For me it was to make stuffing Rigatoni easier. I've tried stuffing cooked Rigatoni with a piping bag, and it is so much easier to stuff the uncooked tubes. Just spread your filling out on a plate or bowl, grab an uncooked Rigatoni tube and press down into the filling 2 or 3 time to fill. Fast and easy. When you're stuffing 50 to 60 tubes, this really helps.


----------



## Andy M. (Jul 22, 2008)

redgriller said:


> For me it was to make stuffing Rigatoni easier. I've tried stuffing cooked Rigatoni with a piping bag, and it is so much easier to stuff the uncooked tubes. Just spread your filling out on a plate or bowl, grab an uncooked Rigatoni tube and press down into the filling 2 or 3 time to fill. Fast and easy. When you're stuffing 50 to 60 tubes, this really helps.


 

Sounds good.  

The original subject was stuffed shells and an earlier poster commented that they couldn't get as much stuffing into the shells because they were uncooked.


----------



## B'sgirl (Jul 22, 2008)

Callisto in NC said:


> That sounds really good.  Could you post the recipe?
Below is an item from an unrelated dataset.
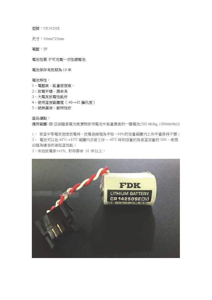 FDK_PLC工控電池 3V CR14250SE+插頭

You can use any kind of pasta sauce you want--bottled, homemade, etc. When I'm lazy I use bottled sauce, when I'm not I use a lasagne sauce out of the Better Homes cookbook. I have never tried it with alfredo sauce, I'm not sure it has enough liquid for the noodles but it sounds good. 
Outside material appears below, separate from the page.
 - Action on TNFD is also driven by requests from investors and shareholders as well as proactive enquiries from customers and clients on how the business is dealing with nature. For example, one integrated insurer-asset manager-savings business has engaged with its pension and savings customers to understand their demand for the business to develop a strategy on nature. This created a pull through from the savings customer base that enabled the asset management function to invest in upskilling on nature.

It is adapted by me from the Betty Crocker Easy Family Dinners recipe book. 

1 egg
cottage or ricotta cheese
parmesean cheese
fresh or dry parsley
fresh or dry oregano
26-30oz pasta sauce
garlic salt
1 1/2lbs chicken tenders
14 uncooked manicotti shells
2 c shredded mozzarella cheese
chopped fresh basil leaves

Heat oven to 350. Beat egg in a bowl. Mix in cottage and parmesean cheese, parsley, and oregano (Sorry, I make this part up and don't measure so you'll have to guess the amounts). Set aside. Spread about 1/3 of pasta sauce in ungreased rectangular baking dish, 13x9x2 inches. Sprinkle garlic salt on chicken. Insert chicken into manicotti shells, stuffing from each end of shell to fill if necessary. Fill in any gaps with cottage cheese mixture. Place shells on pasta sauce in dish. Put the rest of the cottage cheese mixture to fill in space around the shells. Pour remaining pasta sauce evenly over shells, covering completely. Sprinkle with cheese.  Cover and bake about 1 1/2 hours or until shells are tender. Sprinkle with basil.


----------



## Callisto in NC (Jul 22, 2008)

Thank you. Sounds great.


----------



## MostlyWater (Jul 22, 2008)

no way am i gonna wash out a pastry shell bag and no way am i gonna make 50 or 60 shells.  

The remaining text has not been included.